Content starts

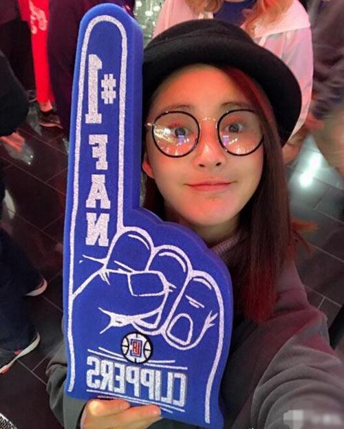 袁弘夫妇美国看球赛 张歆艺衣服宽大还说想生女儿
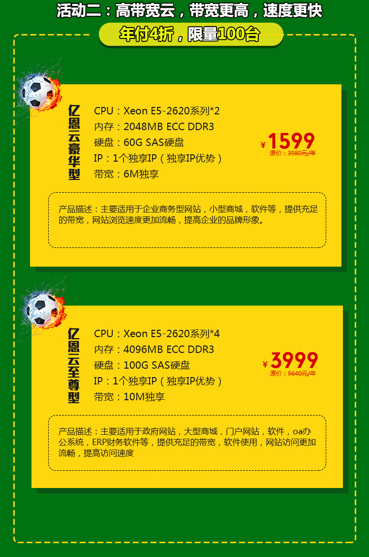 活动二:高带宽云,带宽更高,速度更快,年付4折,限量100台
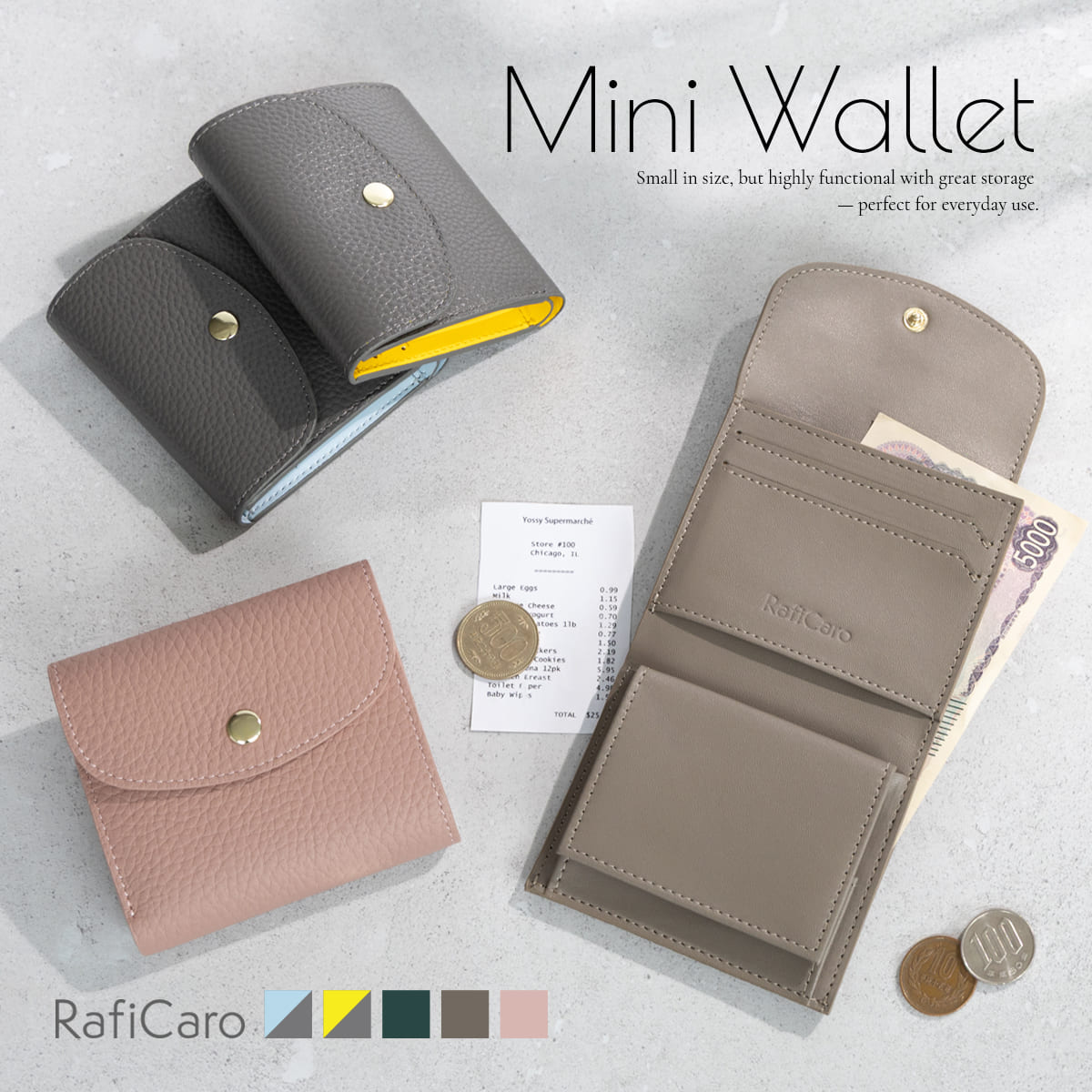 【きちんと収まるミニサイズ】コンパクトなサイズと十分な収納力を兼ね備えたミニウォレットです。使いやすく人気のボックス型小銭入れに、カードポケットとフリーポケットで仕分けもばっちり。お札も折らずに入ります。
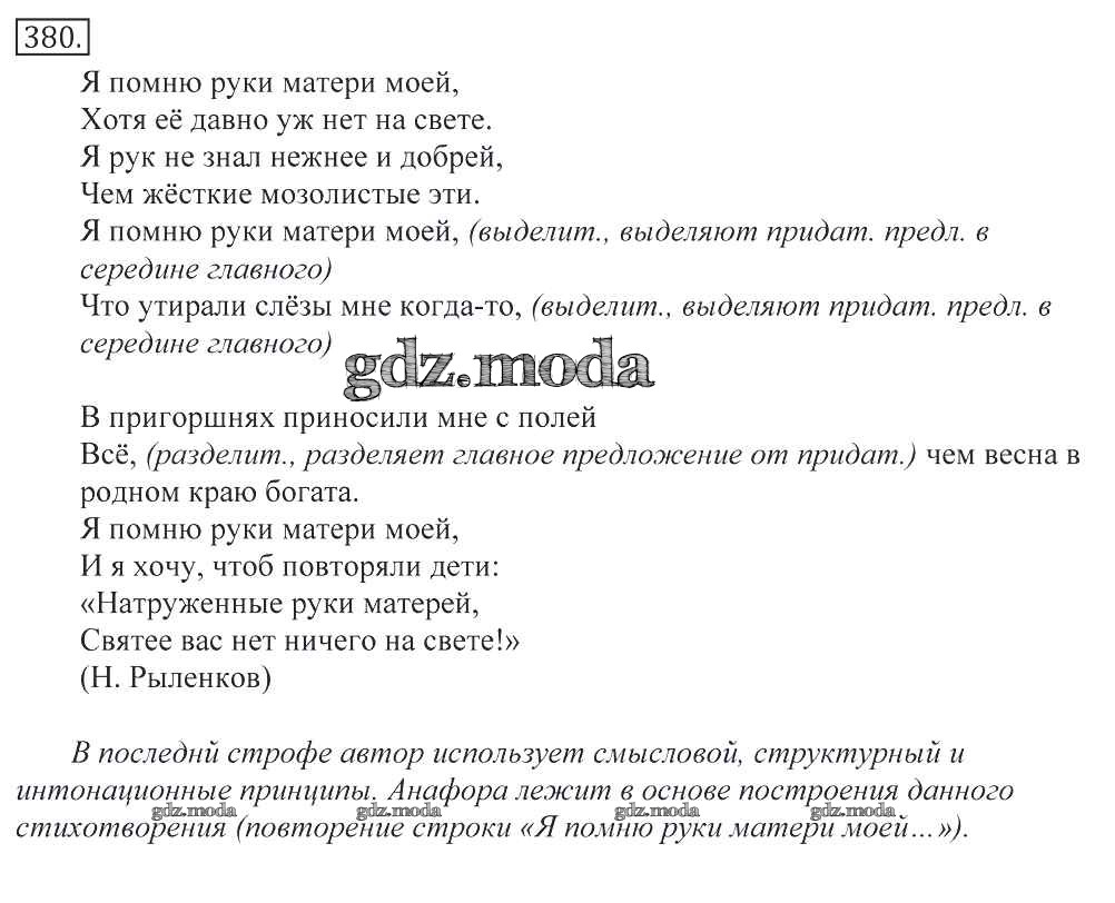 ГДЗ решение к заданию № 380 Русский язык 10-11 классы Греков В.Ф. Просвещение 2016 бесплатно на гдз.мода!

Content ends

● **REQUIRED WORK**
Write out the data above exactly, minus any images.

● **TASK RESULT**
 袁弘夫妇美国看球赛 张歆艺衣服宽大还说想生女儿
 活动二:高带宽云,带宽更高,速度更快,年付4折,限量100台
 【きちんと収まるミニサイズ】コンパクトなサイズと十分な収納力を兼ね備えたミニウォレットです。使いやすく人気のボックス型小銭入れに、カードポケットとフリーポケットで仕分けもばっちり。お札も折らずに入ります。
 ГДЗ решение к заданию № 380 Русский язык 10-11 классы Греков В.Ф. Просвещение 2016 бесплатно на гдз.мода!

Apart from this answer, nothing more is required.